This is Lowline Angus bull that we have used since he was 2 years old on a small herd of Dexters and Dexter X cows. He's for sale but he's 8 years old, probably why we have had trouble moving him. I'm concerned about sending him to the processor because of his age. We (my brother in law has him now) don't mind eating it ourselves and doing all ground beef, but if it isn't fit for eating, it will be a major loss. 

He's been a good, respectful bull. Works well with a single wire of electric twine off a reel. He always turns away when we approach him and he ads thickness to our calves. 

Anyone interested? He's 15/16ths Lowline, out of Doc Holiday.

















Here's a photo as a 6 year old:


----------



## wstevenl (Mar 26, 2008)

This is our current bull that I'll share with my brother in law's herd. 
We have mostly Dexter and Dexter/Lowline cows and heifers now and we're going to use this young guy on them. He's 3/4 Lowline Angus, 1/8 Angus, 1/8 Charolais.

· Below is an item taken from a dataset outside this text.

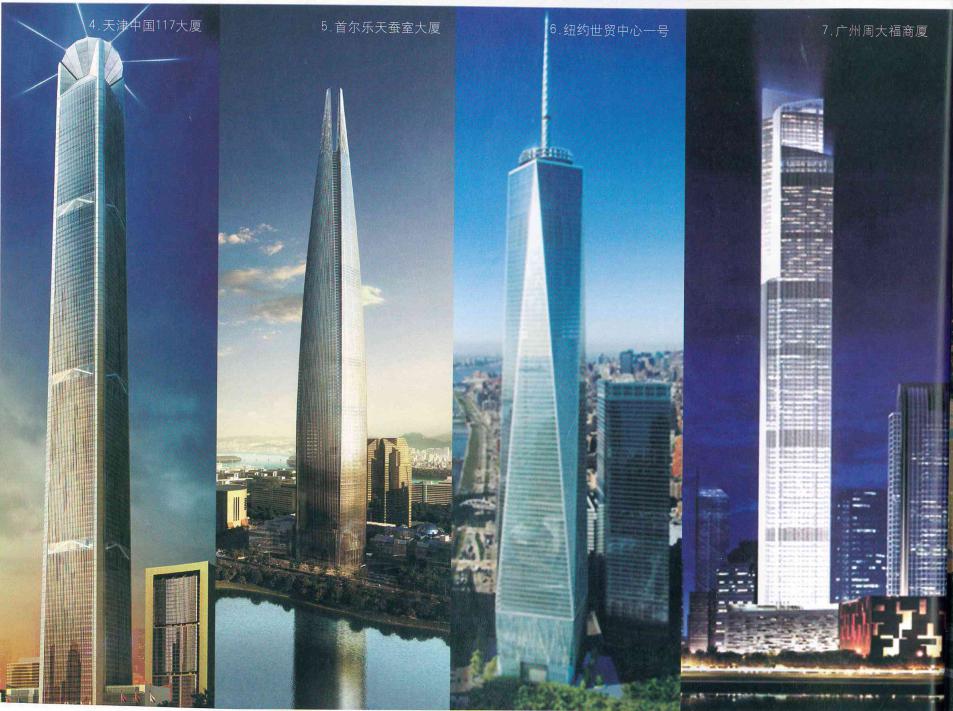 8-518米武汉绿地中心,9-510米釜山乐天世界,10-500米天津富力广东大厦

I was actually hoping to find a Lowline cross bull that was white with the black points but I found this one close by. He's nice and thick for sure. So, he'll help us in that department. I'm sure his got other issues but his front legs aren't as straight as they should be. I'll just keep learning and hopefully improving. I'm wanting a smaller, thick, grass only, cow herd for grass fed beef. Lowline Angus should work well but we've been going the longer, "cheaper" route.


----------